Content starts
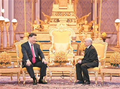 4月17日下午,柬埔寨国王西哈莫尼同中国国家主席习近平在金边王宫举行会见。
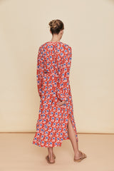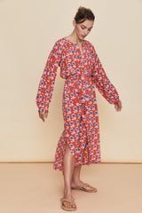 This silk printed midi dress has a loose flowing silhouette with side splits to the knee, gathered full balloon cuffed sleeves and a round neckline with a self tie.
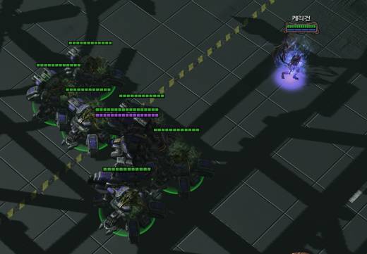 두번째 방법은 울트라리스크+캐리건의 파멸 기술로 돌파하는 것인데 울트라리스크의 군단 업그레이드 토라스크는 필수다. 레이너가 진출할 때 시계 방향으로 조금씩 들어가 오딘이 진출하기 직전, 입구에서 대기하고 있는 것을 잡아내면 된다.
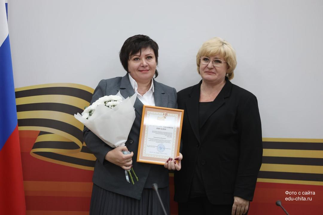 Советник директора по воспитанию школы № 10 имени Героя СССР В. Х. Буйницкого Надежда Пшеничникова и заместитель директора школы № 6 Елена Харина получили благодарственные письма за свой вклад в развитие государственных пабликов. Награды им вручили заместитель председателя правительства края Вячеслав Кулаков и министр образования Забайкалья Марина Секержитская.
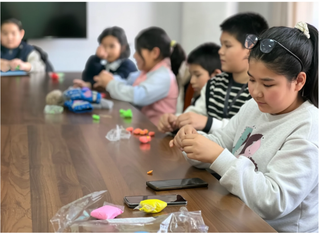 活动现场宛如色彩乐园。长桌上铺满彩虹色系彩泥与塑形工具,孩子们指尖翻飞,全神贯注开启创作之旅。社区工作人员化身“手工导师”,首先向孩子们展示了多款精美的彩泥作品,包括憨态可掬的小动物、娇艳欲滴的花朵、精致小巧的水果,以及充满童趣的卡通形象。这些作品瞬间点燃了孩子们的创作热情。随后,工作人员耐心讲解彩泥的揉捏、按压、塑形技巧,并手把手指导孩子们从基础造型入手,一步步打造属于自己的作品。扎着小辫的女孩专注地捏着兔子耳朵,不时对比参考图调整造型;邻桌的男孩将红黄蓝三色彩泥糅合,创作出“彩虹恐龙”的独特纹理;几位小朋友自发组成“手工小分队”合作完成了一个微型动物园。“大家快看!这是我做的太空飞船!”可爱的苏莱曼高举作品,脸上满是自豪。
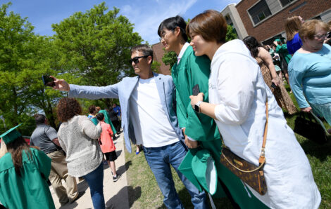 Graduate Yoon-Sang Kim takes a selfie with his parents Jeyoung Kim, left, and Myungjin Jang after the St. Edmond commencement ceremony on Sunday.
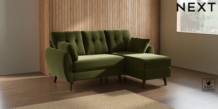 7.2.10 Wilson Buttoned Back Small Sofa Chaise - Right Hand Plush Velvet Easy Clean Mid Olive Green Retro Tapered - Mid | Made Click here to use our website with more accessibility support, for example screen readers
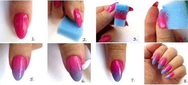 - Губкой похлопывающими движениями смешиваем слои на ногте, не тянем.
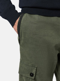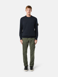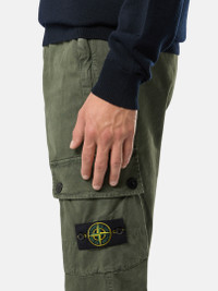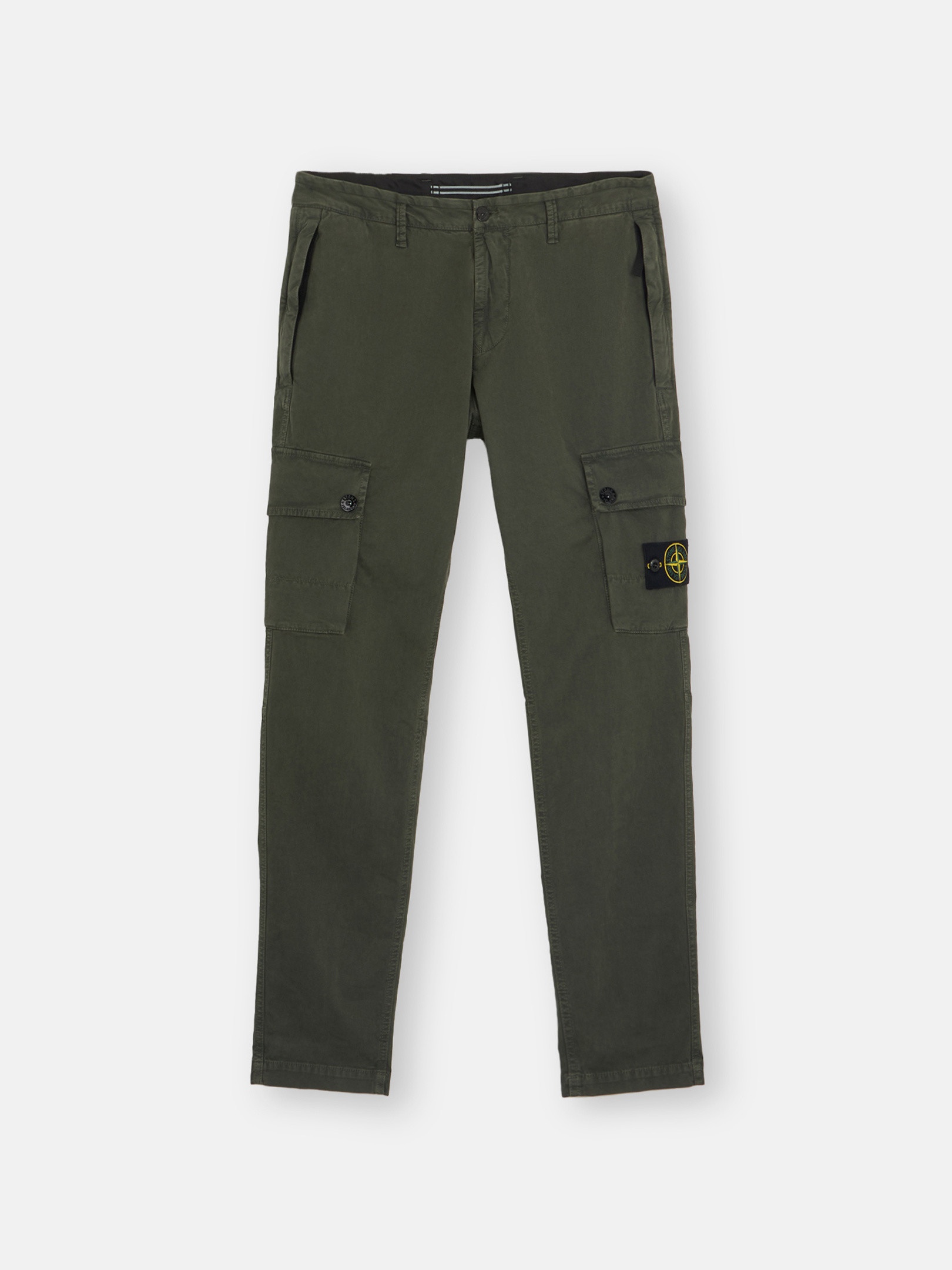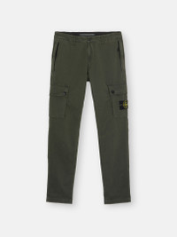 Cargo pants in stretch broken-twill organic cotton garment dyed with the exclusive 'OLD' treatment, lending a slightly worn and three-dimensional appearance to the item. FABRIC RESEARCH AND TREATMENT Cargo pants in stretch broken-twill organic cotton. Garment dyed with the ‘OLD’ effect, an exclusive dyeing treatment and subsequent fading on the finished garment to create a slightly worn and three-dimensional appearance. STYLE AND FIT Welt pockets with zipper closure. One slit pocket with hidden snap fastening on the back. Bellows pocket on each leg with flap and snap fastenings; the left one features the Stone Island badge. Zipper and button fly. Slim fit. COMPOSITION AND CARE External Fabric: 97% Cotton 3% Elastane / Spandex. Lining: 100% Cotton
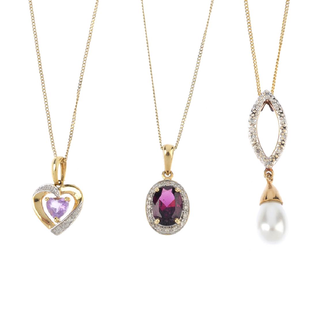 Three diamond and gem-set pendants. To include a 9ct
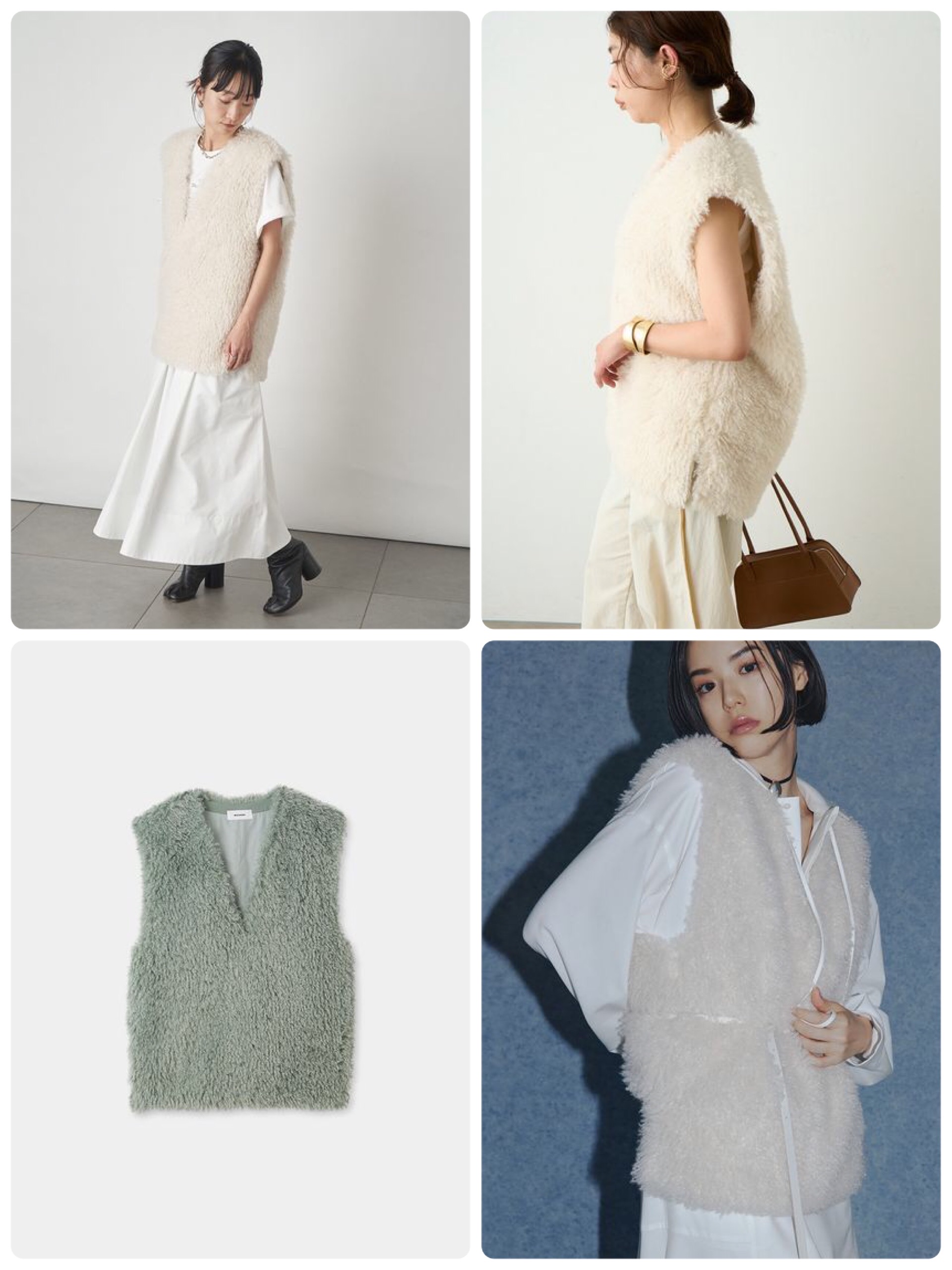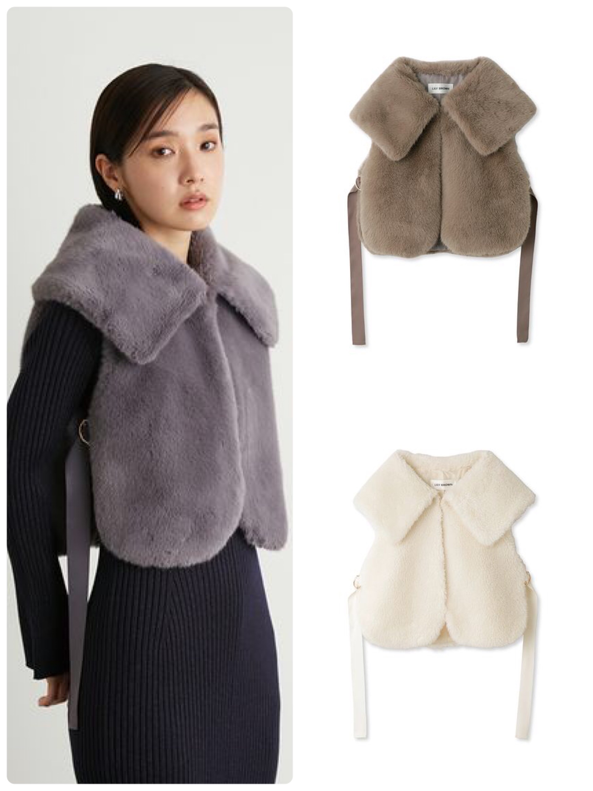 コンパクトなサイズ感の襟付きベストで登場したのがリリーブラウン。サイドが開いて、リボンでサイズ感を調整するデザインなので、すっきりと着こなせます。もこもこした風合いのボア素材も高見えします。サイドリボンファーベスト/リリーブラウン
Content ends
## ABOUT THIS TASK:
What you give back must match the lines from the start of the records through the line that contains "This silk printed", exactly, with the pictures left out.

## THE COMPLETED TASK:
 4月17日下午,柬埔寨国王西哈莫尼同中国国家主席习近平在金边王宫举行会见。
 This silk printed midi dress has a loose flowing silhouette with side splits to the knee, gathered full balloon cuffed sleeves and a round neckline with a self tie.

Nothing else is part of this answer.